Any pictures in the records below must be left out when you repeat the lines from the line containing "Fg Lynn One" through the line containing "d. Mark the" exactly.

Listed entries START

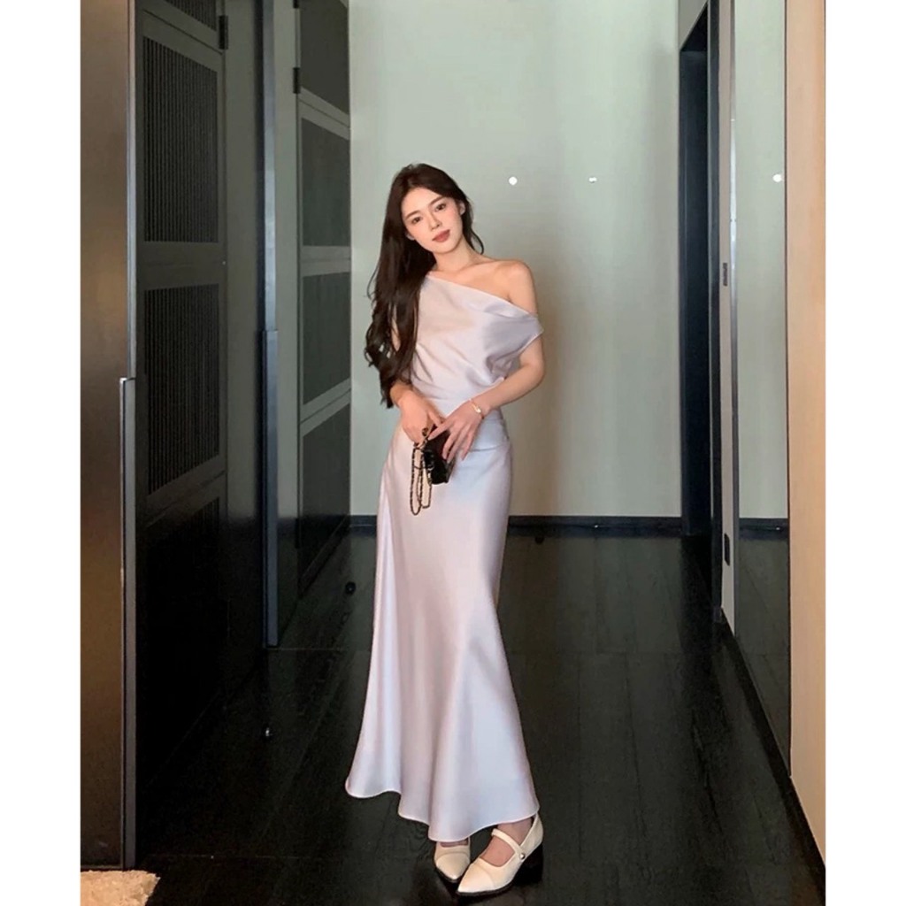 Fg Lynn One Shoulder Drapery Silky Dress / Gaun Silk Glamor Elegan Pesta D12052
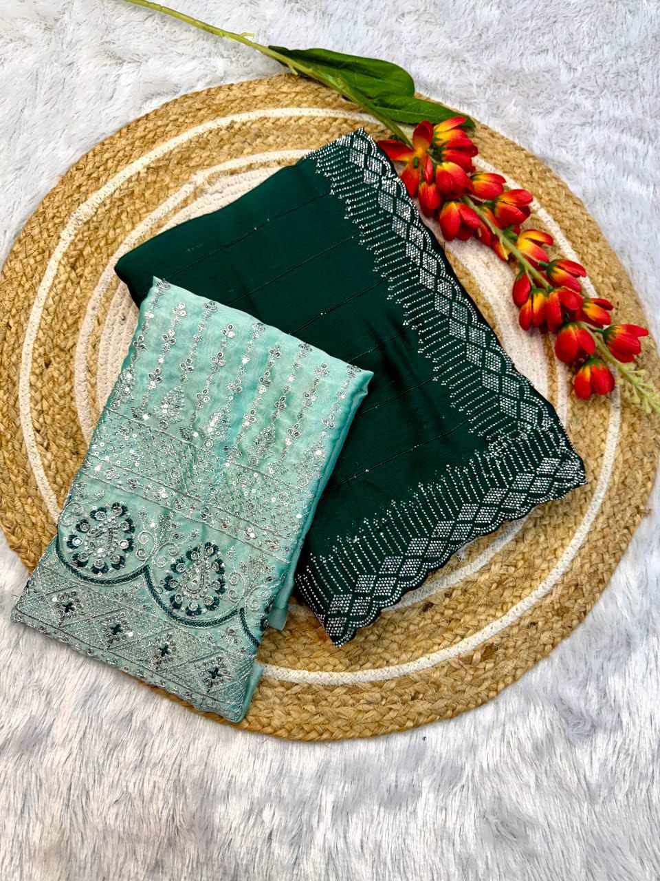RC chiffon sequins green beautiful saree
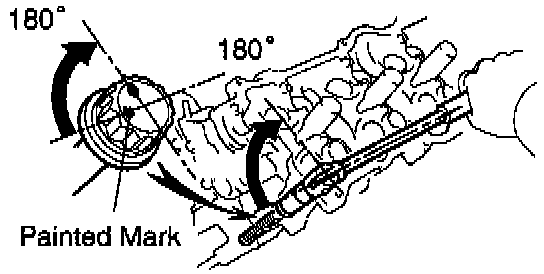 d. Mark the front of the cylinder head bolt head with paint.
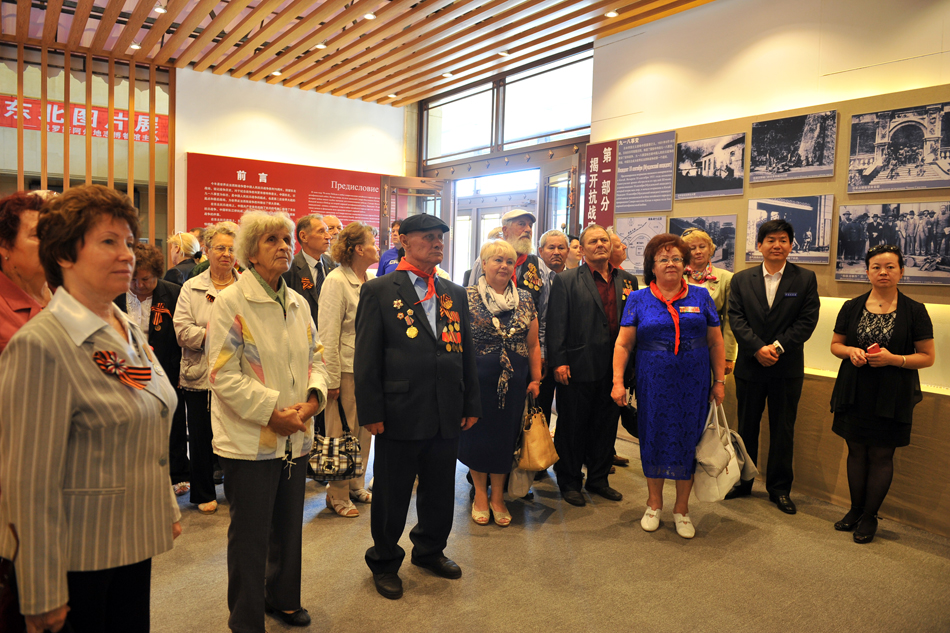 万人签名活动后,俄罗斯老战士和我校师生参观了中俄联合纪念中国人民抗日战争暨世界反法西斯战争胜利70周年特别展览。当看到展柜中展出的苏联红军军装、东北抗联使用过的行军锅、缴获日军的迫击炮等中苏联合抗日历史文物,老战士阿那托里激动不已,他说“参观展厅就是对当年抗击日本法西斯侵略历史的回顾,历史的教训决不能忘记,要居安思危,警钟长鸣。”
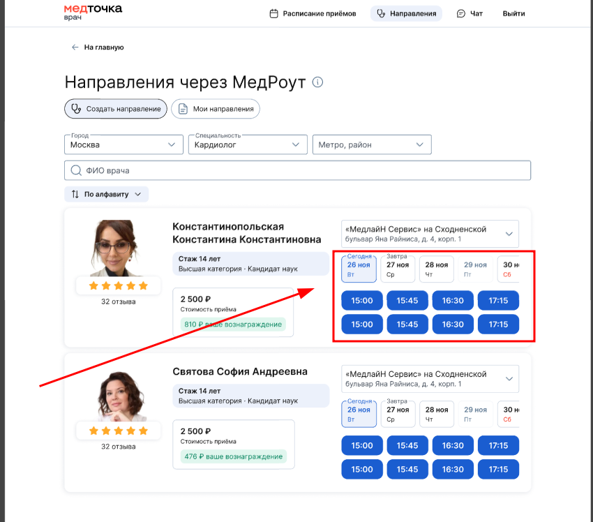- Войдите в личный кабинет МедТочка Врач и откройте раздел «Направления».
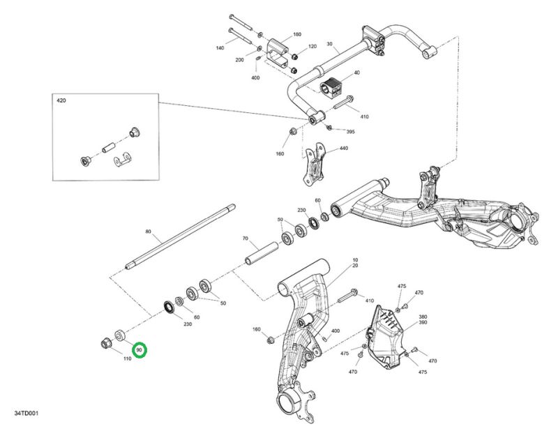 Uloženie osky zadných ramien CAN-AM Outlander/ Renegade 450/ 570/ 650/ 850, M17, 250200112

Listed entries END
Listed entries START

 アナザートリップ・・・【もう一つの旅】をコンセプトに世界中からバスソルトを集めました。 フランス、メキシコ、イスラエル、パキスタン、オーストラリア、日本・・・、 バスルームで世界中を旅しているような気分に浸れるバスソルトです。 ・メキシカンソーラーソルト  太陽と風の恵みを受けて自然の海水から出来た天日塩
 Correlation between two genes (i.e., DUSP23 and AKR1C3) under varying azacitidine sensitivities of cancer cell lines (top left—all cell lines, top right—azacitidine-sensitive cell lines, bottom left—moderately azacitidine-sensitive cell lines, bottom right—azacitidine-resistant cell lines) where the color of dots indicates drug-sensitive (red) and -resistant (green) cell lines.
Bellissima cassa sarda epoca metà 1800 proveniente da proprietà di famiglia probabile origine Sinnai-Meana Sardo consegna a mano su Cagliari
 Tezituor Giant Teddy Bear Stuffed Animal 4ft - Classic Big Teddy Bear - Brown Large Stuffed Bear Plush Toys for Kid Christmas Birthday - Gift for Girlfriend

Listed entries END
Listed entries START

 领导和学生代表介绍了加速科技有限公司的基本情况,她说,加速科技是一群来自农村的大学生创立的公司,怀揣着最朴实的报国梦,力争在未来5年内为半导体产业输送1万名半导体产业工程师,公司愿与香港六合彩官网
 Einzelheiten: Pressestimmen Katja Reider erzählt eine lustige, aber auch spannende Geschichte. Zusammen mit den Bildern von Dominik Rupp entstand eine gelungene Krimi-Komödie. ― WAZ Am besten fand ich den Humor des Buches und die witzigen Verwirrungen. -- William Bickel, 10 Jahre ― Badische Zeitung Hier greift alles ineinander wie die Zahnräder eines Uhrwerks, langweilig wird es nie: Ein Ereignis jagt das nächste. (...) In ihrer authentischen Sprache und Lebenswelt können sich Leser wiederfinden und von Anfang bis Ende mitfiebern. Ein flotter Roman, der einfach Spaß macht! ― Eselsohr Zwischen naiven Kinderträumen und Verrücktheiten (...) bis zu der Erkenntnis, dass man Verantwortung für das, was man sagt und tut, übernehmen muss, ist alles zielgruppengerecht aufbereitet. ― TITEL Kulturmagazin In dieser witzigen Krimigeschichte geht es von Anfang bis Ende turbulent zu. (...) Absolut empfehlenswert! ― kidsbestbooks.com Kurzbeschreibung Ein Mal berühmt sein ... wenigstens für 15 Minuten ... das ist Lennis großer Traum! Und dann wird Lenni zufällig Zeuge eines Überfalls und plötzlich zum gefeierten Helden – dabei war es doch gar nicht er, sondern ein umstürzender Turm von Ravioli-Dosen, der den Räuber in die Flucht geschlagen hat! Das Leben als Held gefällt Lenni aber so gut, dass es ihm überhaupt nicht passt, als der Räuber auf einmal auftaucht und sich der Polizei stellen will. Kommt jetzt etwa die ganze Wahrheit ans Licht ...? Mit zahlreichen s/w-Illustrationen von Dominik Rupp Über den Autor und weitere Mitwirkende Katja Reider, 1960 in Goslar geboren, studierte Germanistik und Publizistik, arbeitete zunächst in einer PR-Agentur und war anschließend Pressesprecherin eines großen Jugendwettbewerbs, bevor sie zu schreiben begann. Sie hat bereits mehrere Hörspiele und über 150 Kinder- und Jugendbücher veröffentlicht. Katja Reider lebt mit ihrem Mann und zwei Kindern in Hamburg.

Listed entries END

**Expected answer**:
 Fg Lynn One Shoulder Drapery Silky Dress / Gaun Silk Glamor Elegan Pesta D12052
RC chiffon sequins green beautiful saree
 d. Mark the front of the cylinder head bolt head with paint.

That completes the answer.